**The problem**
Exact copy, no pictures: take the lines of the listing below from the first through the one containing "Bathrooms have been".

-- -- --

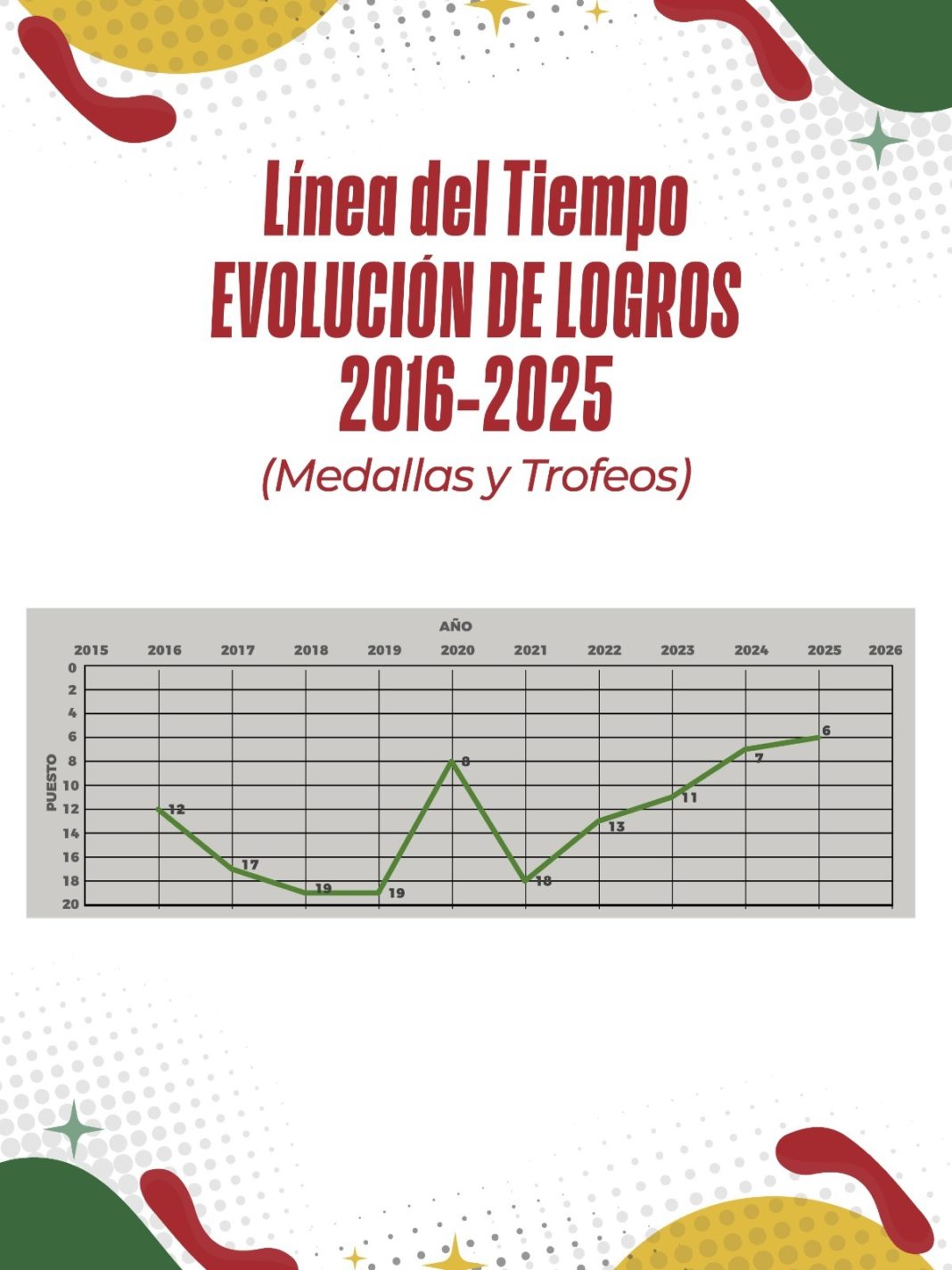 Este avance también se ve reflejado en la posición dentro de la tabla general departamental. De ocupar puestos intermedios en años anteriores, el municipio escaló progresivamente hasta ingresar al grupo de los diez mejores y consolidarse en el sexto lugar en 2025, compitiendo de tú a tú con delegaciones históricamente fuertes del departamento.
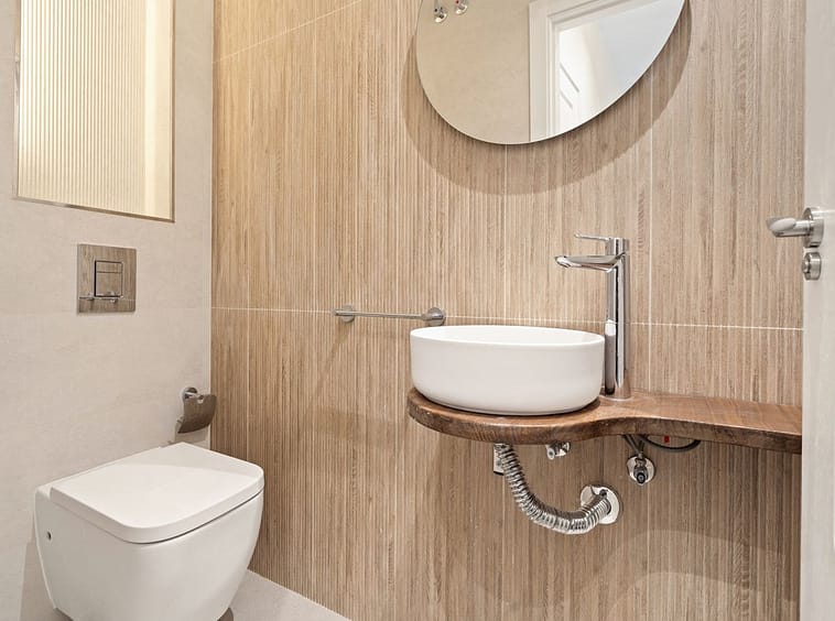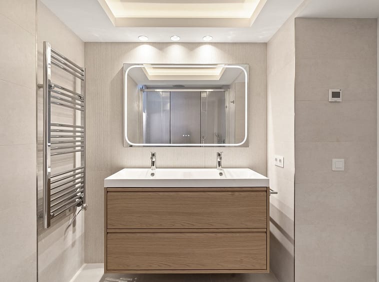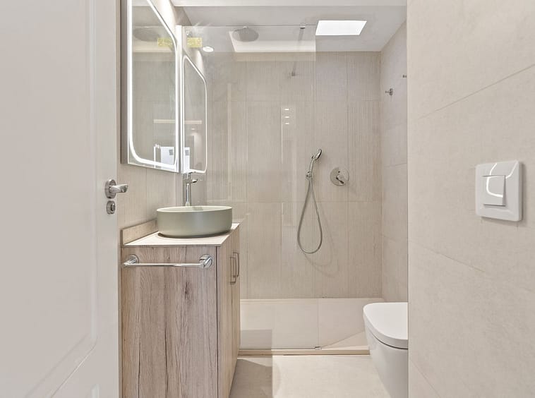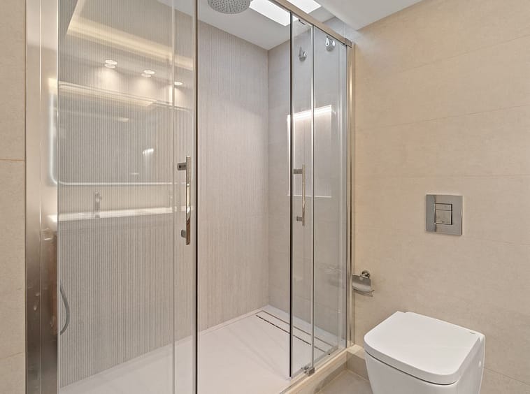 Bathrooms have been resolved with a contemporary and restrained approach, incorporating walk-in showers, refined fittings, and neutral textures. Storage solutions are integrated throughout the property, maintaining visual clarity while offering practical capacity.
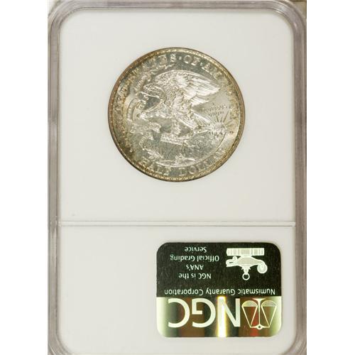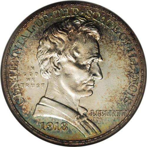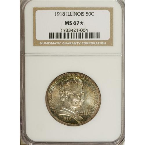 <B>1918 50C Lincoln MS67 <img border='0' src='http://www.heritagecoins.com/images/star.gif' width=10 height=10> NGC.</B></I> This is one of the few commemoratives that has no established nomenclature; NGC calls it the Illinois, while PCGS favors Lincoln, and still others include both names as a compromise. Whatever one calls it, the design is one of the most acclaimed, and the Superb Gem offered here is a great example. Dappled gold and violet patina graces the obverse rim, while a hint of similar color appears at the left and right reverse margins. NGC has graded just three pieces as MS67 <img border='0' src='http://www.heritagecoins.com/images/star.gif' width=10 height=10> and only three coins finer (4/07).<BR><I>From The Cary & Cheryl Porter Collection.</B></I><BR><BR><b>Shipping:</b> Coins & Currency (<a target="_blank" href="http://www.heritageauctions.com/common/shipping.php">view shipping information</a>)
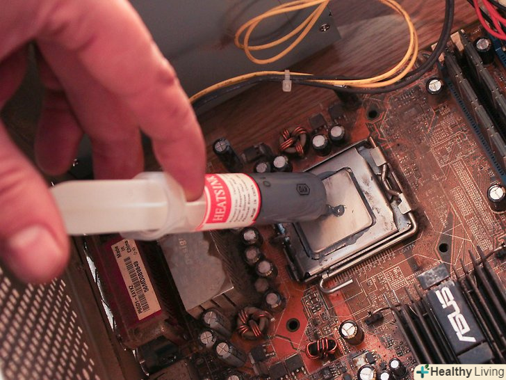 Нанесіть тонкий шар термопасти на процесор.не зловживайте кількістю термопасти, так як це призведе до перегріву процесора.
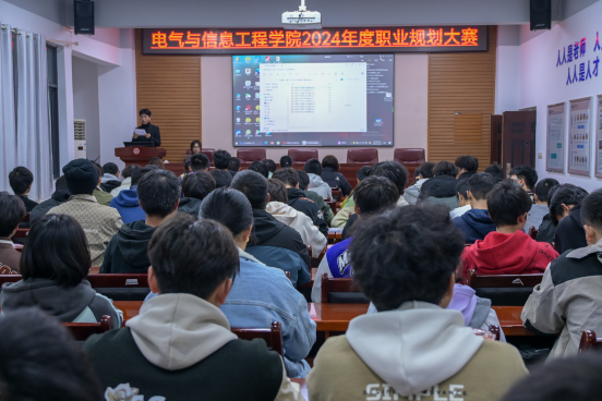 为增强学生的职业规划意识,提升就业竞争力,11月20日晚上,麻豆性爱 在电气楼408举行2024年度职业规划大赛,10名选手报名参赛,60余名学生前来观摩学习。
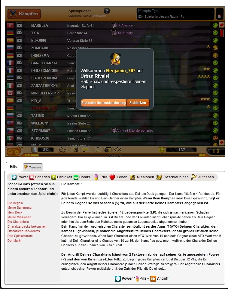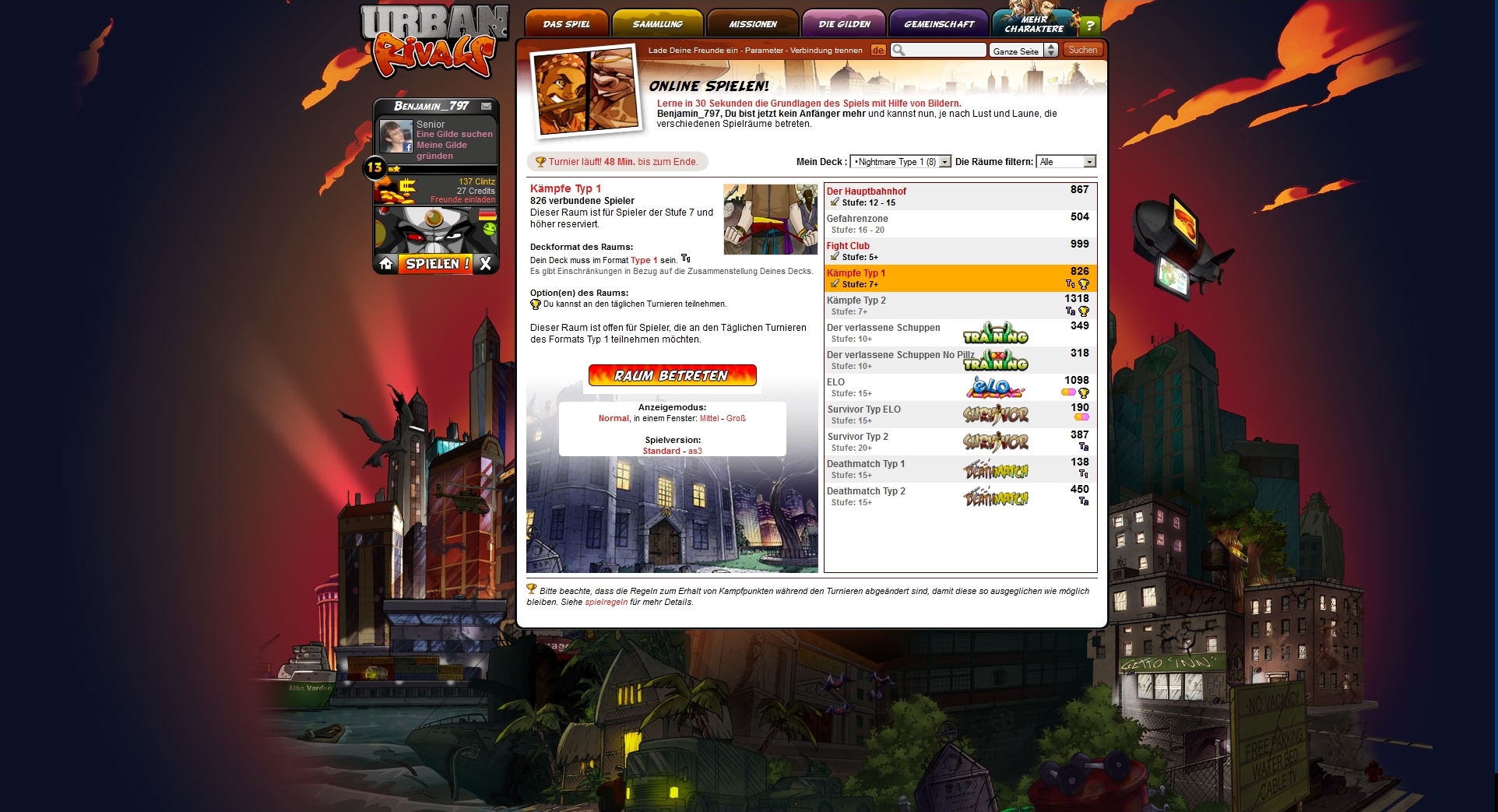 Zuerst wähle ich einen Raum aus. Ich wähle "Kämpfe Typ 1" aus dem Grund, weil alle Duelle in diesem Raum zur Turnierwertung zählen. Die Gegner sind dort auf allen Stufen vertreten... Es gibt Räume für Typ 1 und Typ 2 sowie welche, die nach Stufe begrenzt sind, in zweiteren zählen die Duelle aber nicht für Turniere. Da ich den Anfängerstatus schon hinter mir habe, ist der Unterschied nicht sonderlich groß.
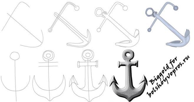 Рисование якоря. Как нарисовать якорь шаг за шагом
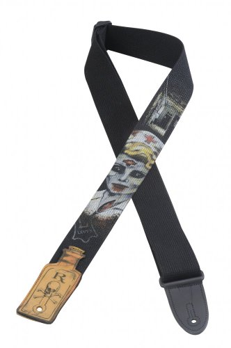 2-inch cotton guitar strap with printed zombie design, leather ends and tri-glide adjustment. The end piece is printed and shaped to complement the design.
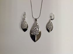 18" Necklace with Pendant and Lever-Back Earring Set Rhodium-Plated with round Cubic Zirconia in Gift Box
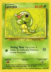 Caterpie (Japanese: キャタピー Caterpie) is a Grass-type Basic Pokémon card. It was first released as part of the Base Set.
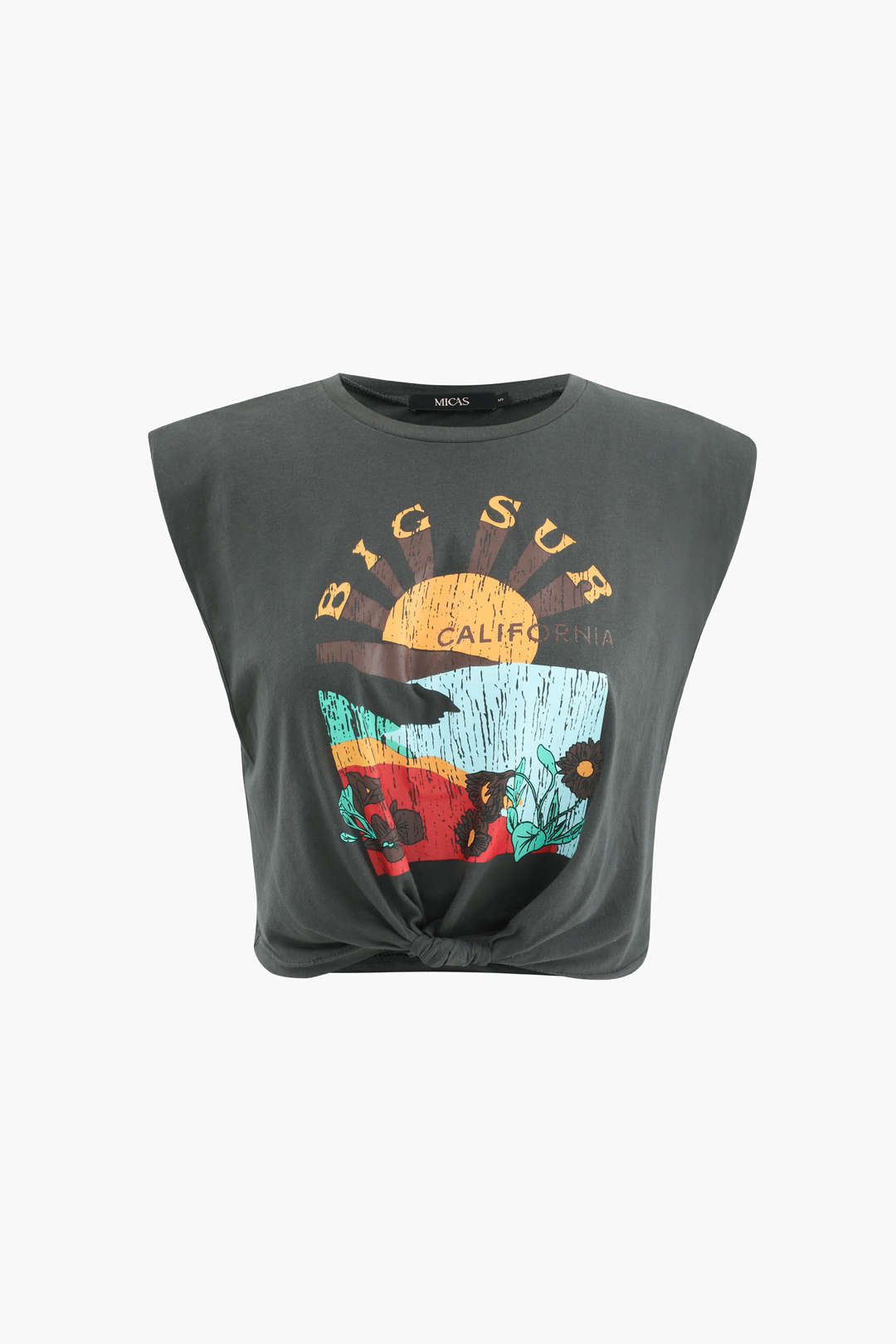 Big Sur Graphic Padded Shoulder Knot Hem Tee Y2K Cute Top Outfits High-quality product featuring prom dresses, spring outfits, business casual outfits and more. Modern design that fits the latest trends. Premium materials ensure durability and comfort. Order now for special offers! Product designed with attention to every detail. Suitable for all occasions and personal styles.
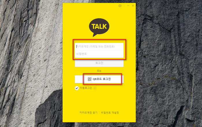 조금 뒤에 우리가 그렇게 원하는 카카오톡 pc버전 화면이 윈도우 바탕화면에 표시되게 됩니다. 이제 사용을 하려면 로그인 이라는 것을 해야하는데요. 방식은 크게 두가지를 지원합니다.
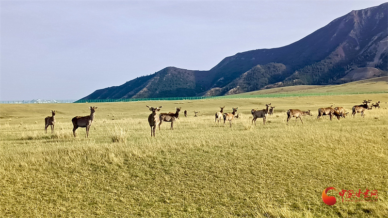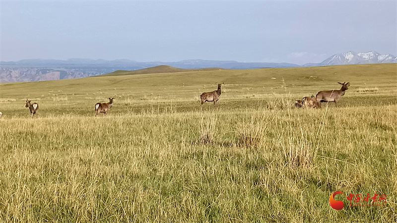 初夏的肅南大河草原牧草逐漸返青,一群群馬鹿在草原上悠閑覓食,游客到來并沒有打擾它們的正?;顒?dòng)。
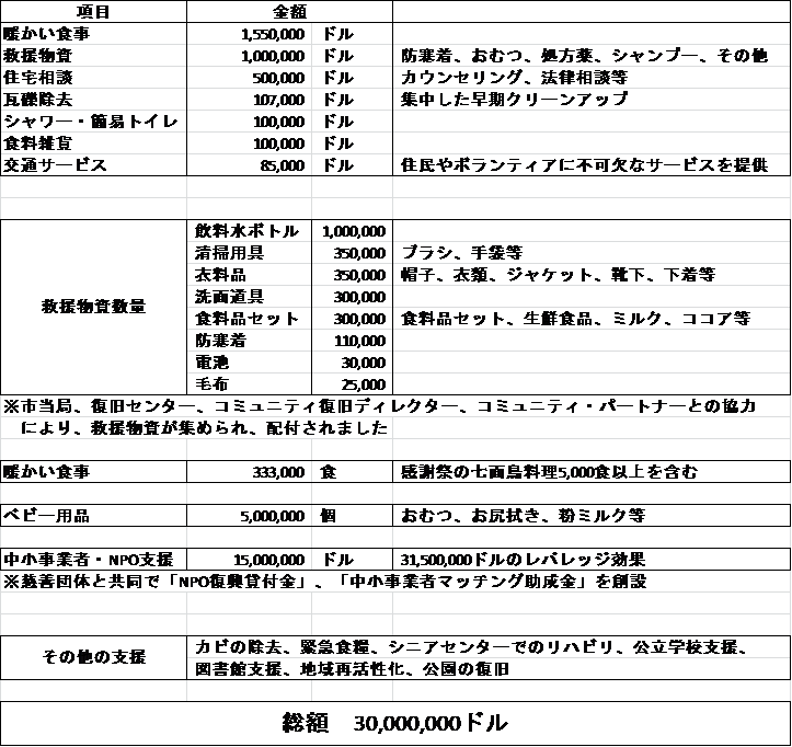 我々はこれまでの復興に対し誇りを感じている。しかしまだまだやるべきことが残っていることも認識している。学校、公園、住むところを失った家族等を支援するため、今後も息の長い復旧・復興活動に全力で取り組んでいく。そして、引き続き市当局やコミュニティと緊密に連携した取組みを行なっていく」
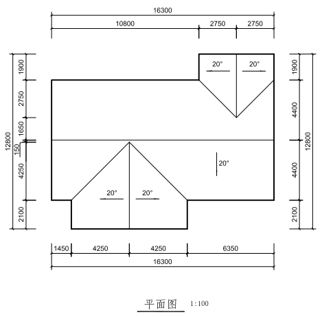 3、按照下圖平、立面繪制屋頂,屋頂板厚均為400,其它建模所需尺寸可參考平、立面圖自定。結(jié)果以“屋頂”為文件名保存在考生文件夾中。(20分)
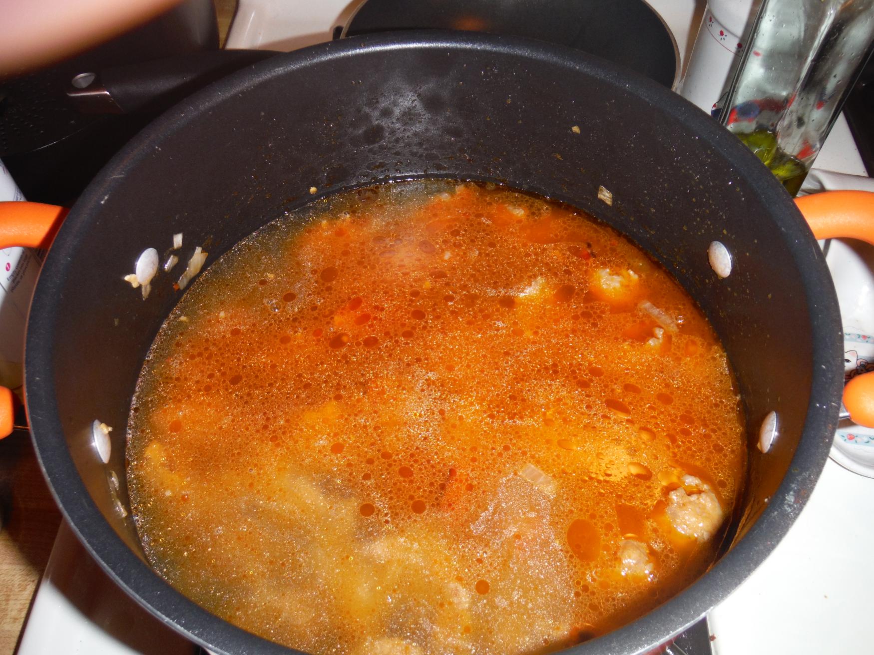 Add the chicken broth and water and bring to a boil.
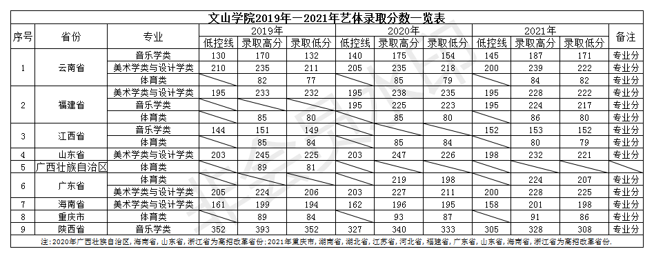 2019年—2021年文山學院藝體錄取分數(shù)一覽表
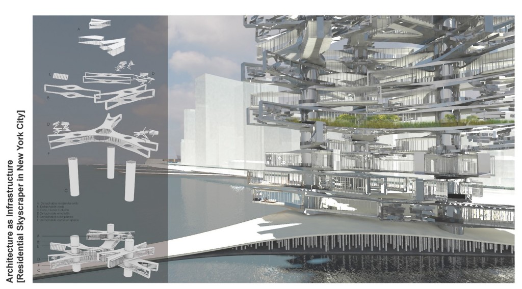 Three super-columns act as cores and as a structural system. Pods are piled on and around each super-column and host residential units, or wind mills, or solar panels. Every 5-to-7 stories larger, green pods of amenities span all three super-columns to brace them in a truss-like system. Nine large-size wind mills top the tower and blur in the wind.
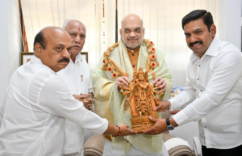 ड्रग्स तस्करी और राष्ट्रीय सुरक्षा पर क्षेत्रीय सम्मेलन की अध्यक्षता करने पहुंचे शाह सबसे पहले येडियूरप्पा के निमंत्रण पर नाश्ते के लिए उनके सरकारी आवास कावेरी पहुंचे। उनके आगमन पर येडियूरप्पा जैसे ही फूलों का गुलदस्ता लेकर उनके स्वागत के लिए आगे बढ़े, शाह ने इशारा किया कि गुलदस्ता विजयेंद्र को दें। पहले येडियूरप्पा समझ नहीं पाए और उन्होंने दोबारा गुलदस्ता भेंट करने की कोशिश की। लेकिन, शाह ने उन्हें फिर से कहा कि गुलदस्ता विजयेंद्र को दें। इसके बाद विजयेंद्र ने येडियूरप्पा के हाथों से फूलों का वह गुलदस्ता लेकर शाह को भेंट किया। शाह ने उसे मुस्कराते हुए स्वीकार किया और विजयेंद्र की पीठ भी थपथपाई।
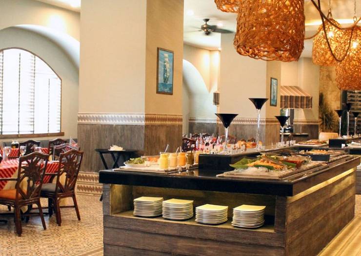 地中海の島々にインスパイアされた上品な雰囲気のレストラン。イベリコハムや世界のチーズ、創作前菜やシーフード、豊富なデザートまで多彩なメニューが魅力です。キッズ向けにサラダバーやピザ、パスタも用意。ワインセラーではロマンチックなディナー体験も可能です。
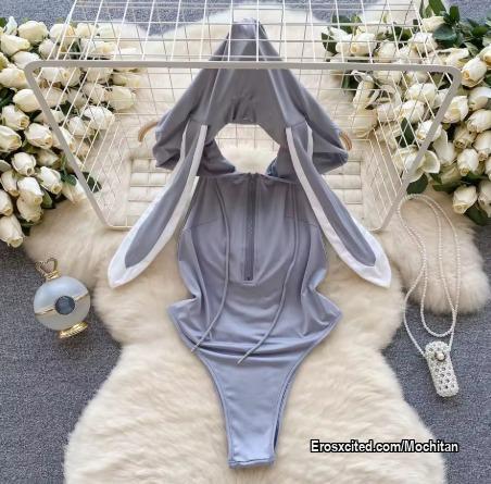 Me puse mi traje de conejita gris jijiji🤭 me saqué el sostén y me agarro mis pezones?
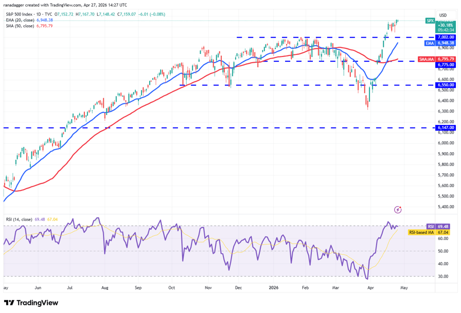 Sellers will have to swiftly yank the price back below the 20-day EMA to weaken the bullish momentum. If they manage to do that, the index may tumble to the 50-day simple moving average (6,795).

-- -- --

**Solution**
 Este avance también se ve reflejado en la posición dentro de la tabla general departamental. De ocupar puestos intermedios en años anteriores, el municipio escaló progresivamente hasta ingresar al grupo de los diez mejores y consolidarse en el sexto lugar en 2025, compitiendo de tú a tú con delegaciones históricamente fuertes del departamento.
 Bathrooms have been resolved with a contemporary and restrained approach, incorporating walk-in showers, refined fittings, and neutral textures. Storage solutions are integrated throughout the property, maintaining visual clarity while offering practical capacity.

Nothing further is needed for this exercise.